The first horror synth soundtracks were more of a hybrid than the strictly synthetic scores of the ’80s. The earliest noted horror synth, Fabio Frizzi’s Zombie and Goblin’s Patrick, according to RYM (although there are earlier examples that could count, like the analog freakout of 1972’s Children Shouldn’t Play With Dead Things) still leaned heavily towards the heavy psych of Goblin and the films of Dario Argento. Others, like Fabio Frizzi’s The Beyond paired a classic orchestral soundtrack with some slight synthetic flourishes. Even iconic early electronic horror soundtracks were a chimera of modern classical dissonance and primitive synthesizers, sometimes paired with some musique concrete post-production, like the eerie choral soundscapes of Jay Chattaway’s Maniac soundtrack.
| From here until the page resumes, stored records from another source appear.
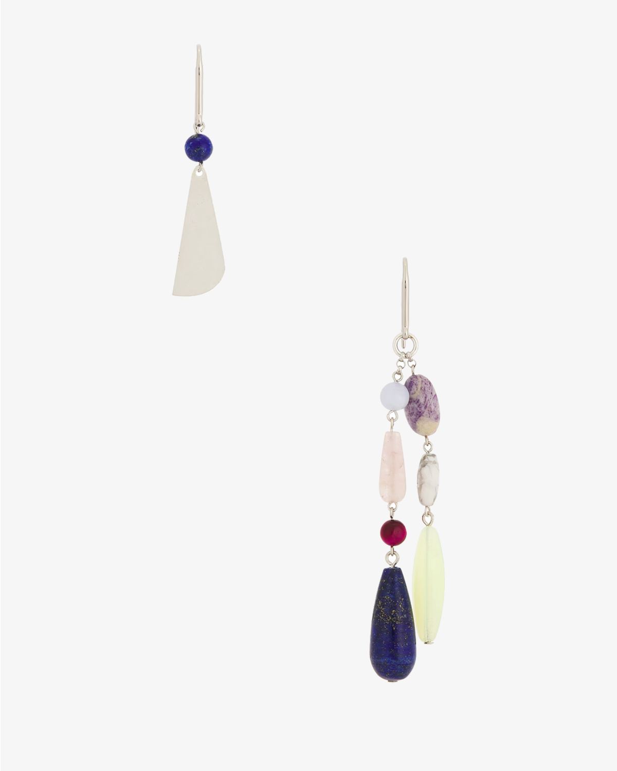 Deze prachtige asymmetrische oorbellen combineren speelse kleuren met elegante vormen. De linker oorhanger toont een strakke druppelvorm in zilverkleurig brass, geaccentueerd met een donkerblauwe steen. De rechter oorhanger vormt een kunstzinnige cascade van meerdere natuurstenen in verschillende tinten: van roze en paars tot donkerblauw en geel-groen. Het brass materiaal (70%) gecombineerd met natuursteen (30%) zorgt voor duurzame kwaliteit. De fijne haakjes sluiten comfortabel af.
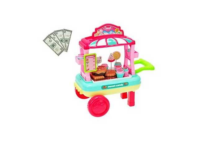 Pojízdný vozík pro všechny malé prodavače. Sada obsahuje vozík, příslušentsví, peníze.
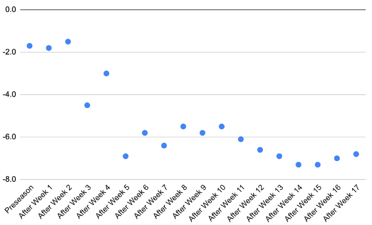 Above, you’ll see the Commanders’ TSI rating as it fluctuated throughout the season. Coming off of 2022, the Commanders didn’t have high expectations for 2023, as you can see by their 2-points-below-average power rating in the preseason; but, holy cow. TSI couldn’t downgrade them quickly enough, as you can see the (nearly perfectly linear) steep decline over the course of the season.
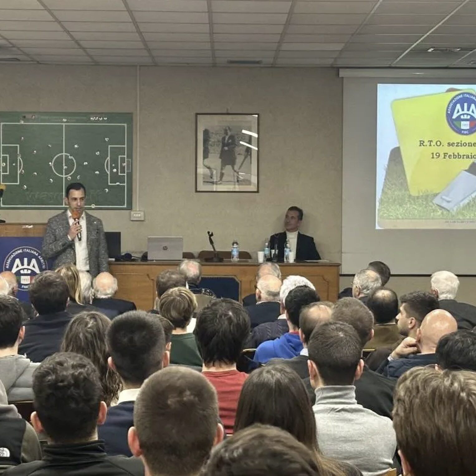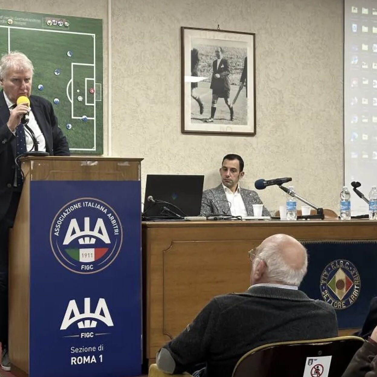 Lunedi 19 febbraio si è svolta la consueta riunione tecnica dedicata a tutti gli associati che ancora una volta ha visto una sala colma anche di presenze dirigenziali, a dimostrare la grande partecipazione ed il coinvolgimento collettivo alle tematiche e alle attività della Sezione. Un incontro che ha visto una serata a 3 tempi: la presenza dell’ospite nazionale sorteggiato per la Sezione di Roma 1, Mattia Scarpa, assistente arbitrale della sezione di Reggio Emilia, l’approfondimento e l’inserimento nel museo multimediale della hall of fame dell’Arbitro Benemerito Paolo Fabricatore e la consegna delle pergamene AIA assegnate ai colleghi che hanno compiuto 50/60/70 anni di appartenenza all’associazione stessa.

The electronic elements add an element of uncanny unease in the hybridizations, often to fantastic result.
The leap to becoming the unofficial soundtrack for the giallo-esque slashers and video nasties of the late ’70s and early ’80s likely has more to do with logistics than a conscious stylistic choice. Still, economic hardship works in our favor here, as the genuinely cheap, claustrophobic uneasiness of ’80s horror synth gives an eerie, unearthly aura to what otherwise could be fairly shitty movies.
Despite its origins, many will think of the retro worship of synthwave when they hear the term horror synth. Yes, John Carpenter partially created the genre, and still remains its crowned king, but artists like Makeup and Vanity Set, GosT, Pertubator, Nightsatan, Unit Black Flight or Umberto remain some of the most popular and listened-to horror synth artists as we continue to crawl our way through the 2020s. The immediate identifiability of the sonic signifiers means horror synth has cross-pollinated with a wide range of underground genres, also, creating horrifying new hybrids with death metal, harsh noise, dungeon synth – even getting its own special sub-genre, pumpkin synth – post-rock, even prog rock. To its credit, it often improves everything it touches with its bloody, skeletal fingers.
The retro recreationists of modern horror synth have many strong selling points, with increased focus on songwriting and 100x cleaner production, making it just as fitting for fog-shrouded dancefloors as for killer-cam body dumps. The sanitization sometimes works to its detriment, though, sounding too clean, formulaic, and predictable to ever truly frighten or disturb. It’s a good time to be a horror synth producer, as there are loads of powerful, inexpensive synths on the market, coffinloads of sample packs and preset kits, and a healthy, enthusiastic audience. Modern horror synth musicians would do well to listen to early electronic horror synth soundtracks during their r&d phase, though, to truly conjure the anarchic spirit of the ’70s and ’80s in their work.